- Born: Myron Augsburger August 20, 1929 (age 97) Elida, Ohio, U.S.
- Education: Eastern Mennonite College (Junior College Bible Diploma, 1950; AB, 1955) Eastern Mennonite Seminary (ThB, 1958) Goshen Biblical Seminary (MDiv, 1959) Union Presbyterian Seminary (ThM, 1961) Union Presbyterian Seminary (ThD/PhD, 1964)
- Occupations: Speaker, evangelist, professor of theology
- Known for: Former President of Eastern Mennonite College

= Myron Augsburger =

American evangelist

Myron Augsburger (born August 20, 1929) is an American Mennonite pastor, professor, theologian, and author. He is the former president of both Eastern Mennonite College (now known as Eastern Mennonite University) and the Council for Christian Colleges and Universities.

==Early life==
Augsburger was born in Elida, Ohio. He is one of six children, Fred, Donald, Anna Mary, Daniel and David, born to Clarence and Estella Augsburger. On November 28, 1950, he married Esther L. Kniss (creator of Guns into Plowshares) in Elida, Ohio. They have three children, John Myron, Michael David, and Marcia Louise.

==Education==
Augsburger received his Junior College Bible Diploma (1950) from Eastern Mennonite College (EMC) after which he began as pastor for Tuttle Avenue Mennonite Church in Sarasota, Florida. He returned to Harrisonburg, Virginia, in 1953 to continue his studies and serve as a part-time campus pastor at EMC. He received his AB (1955), and ThB (1958), from EMC. After leaving EMC he completed a Masters of Divinity from Goshen Biblical Seminary, in Goshen, Indiana, in 1959. Returning to Virginia for his studies he finished his master's degree in Theology (1961) and Doctorate in Theology and Ph.D. (1964) at Union Presbyterian Seminary in Richmond, Virginia, while serving as a pastor at National Heights Mennonite Church. Augsburger continued his education in postgraduate positions at George Washington University in Washington, D.C., in 1964, at the University of Michigan, in Ann Arbor, Michigan in 1965, the University of Basel, Switzerland in 1974, and Mansfield College, Oxford University, England in 1980. He was also a scholar in residence at Princeton Seminary during 1980–81.

==Early career==
During the years 1955–1961, while he was pursuing various degrees, he worked as an evangelist for Christian Layman's Tent Evangelism (CLTE). CLTE was a Mennonite evangelical organization founded in Kidron, Ohio, in the early 1950s and in operation until the early 1960s. Augsburger continued to serve as an evangelist and speaker to large crowds throughout his career including: Staley Distinguished Christian Scholar, in Staley Foundation Lectures, for over 60 campuses, serving the Evangelical Fellowship of India in Conventions across India in 1964, 1969, 1973, speaker at the MarThoma Convention, Kerala, South India, February 2008.

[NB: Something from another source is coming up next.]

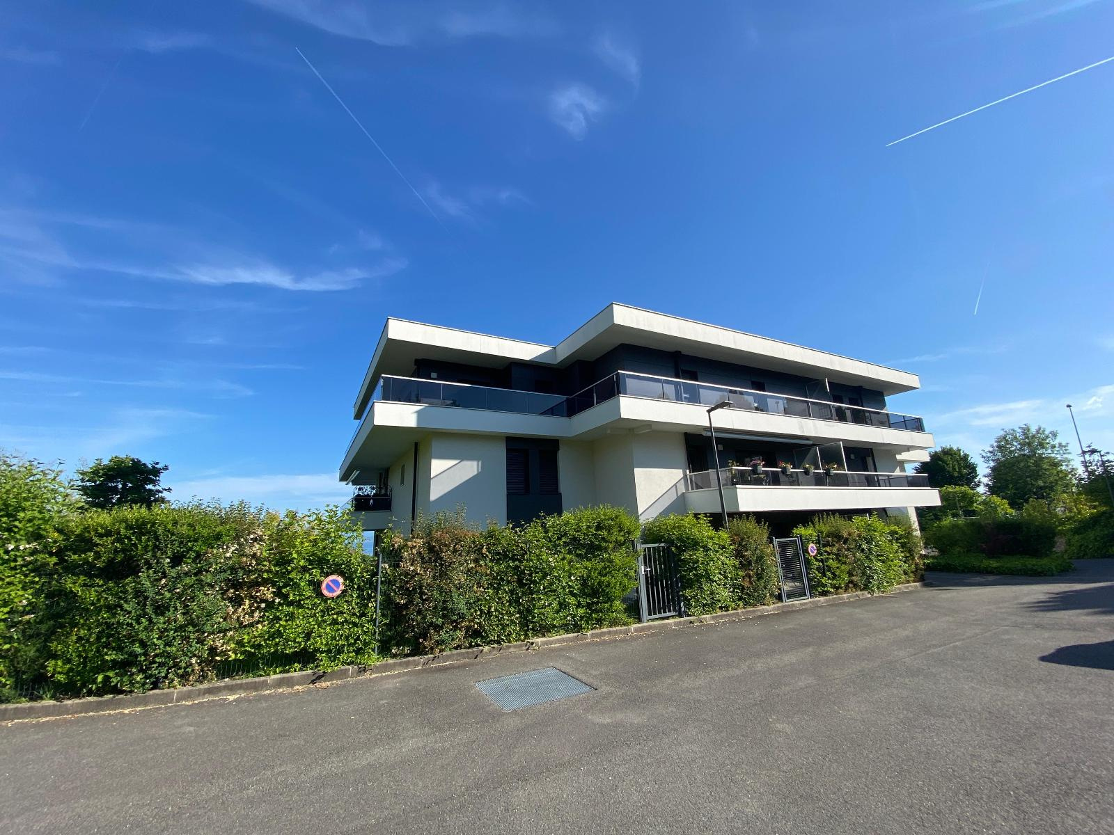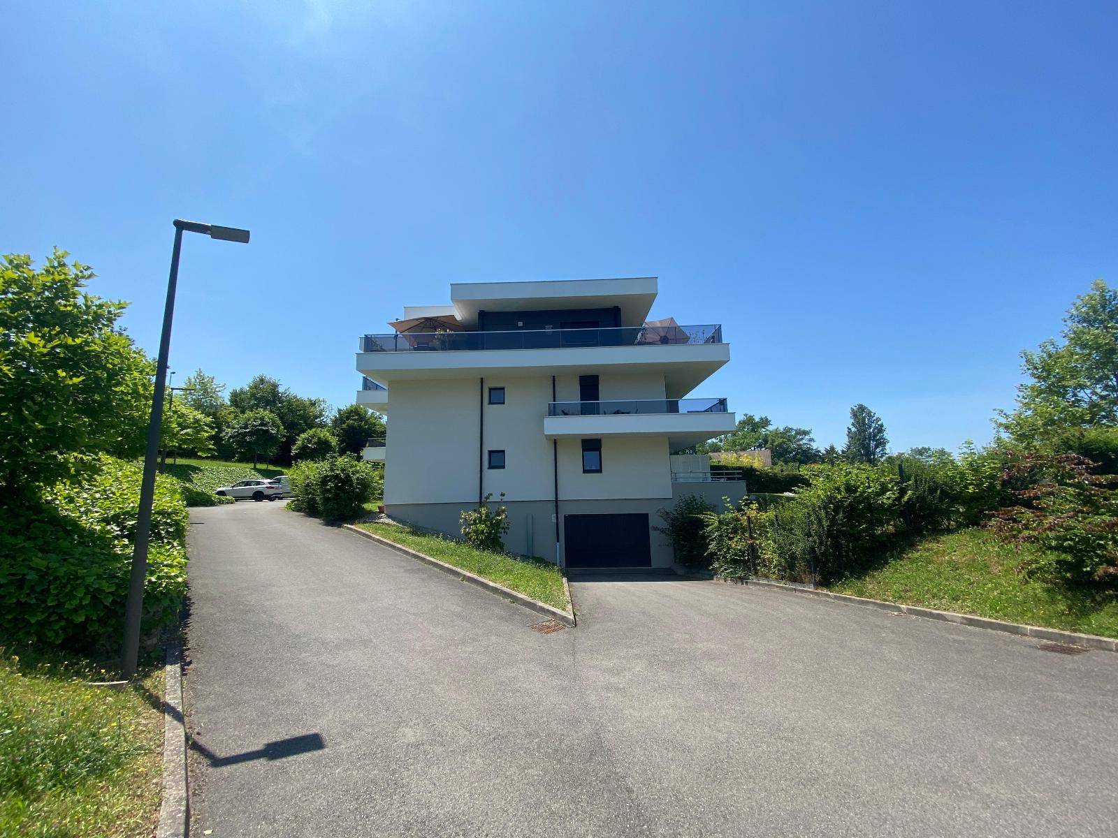 Rare à la location ! - 6, route du monastère à Evian, sur les hauteurs, au calme absolu, dans résidence récente et convoitée "L'OPUS", appartement T4 de 100.26 m² entièrement meublé avec goût au 2ème et dernier étage (avec ascenseur) comprenant :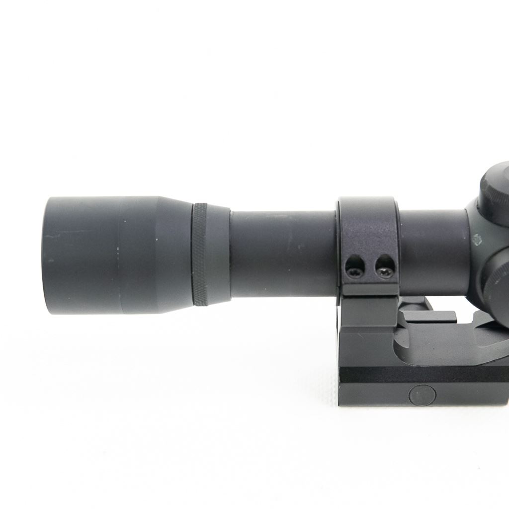 Burris 1.5X Long Eye Relief LER Scout style rifle or handgun scope. Scope is in excellent used condition with minor scratches on tube from use. Scope comes with Burris MTAC style cantilever mount. See Photos.

In 1961 Augsburger attended the first National Christian Leadership Breakfast with President Dwight D. Eisenhower. In 1961 Augsburger took a position as an evangelist with InterChurch, Inc., where he preached and ran city-wide meetings intermittently until 1996, at times drawing in as many as 7,000 people.

==Mid-career==
Starting in 1963, Augsburger began his professorial career at Eastern Mennonite College as Professor of Theology. In 1965, at age 35, he was named the fifth president of Eastern Mennonite College & Seminary, serving from 1965 to 1980. He continued to teach Theology during his tenure as college president. Shortly thereafter, in 1966, he received the first of his 10 honorary doctorates, at Houghton College.

In 1969, Augsburger was named one of the five most influential "preachers of an active gospel" by Time magazine. The magazine noted that he was a "dedicated integrationist and pacifist". That same year Augsburger founded the Mennonite Christian Leadership Foundation which was later integrated with the organization Global Disciples in 2000.

In 1971, Augsburger joined with other college presidents to found the Christian College Consortium. In 1976, he also participated in the founding of the Council for Christian Colleges and Universities, an organization he would later go on to become president of.

In 1980, Augsburger left EMC after a fifteen-year presidency. His time was marked by the completion of a new library and science center, as well as an increased profile for the university.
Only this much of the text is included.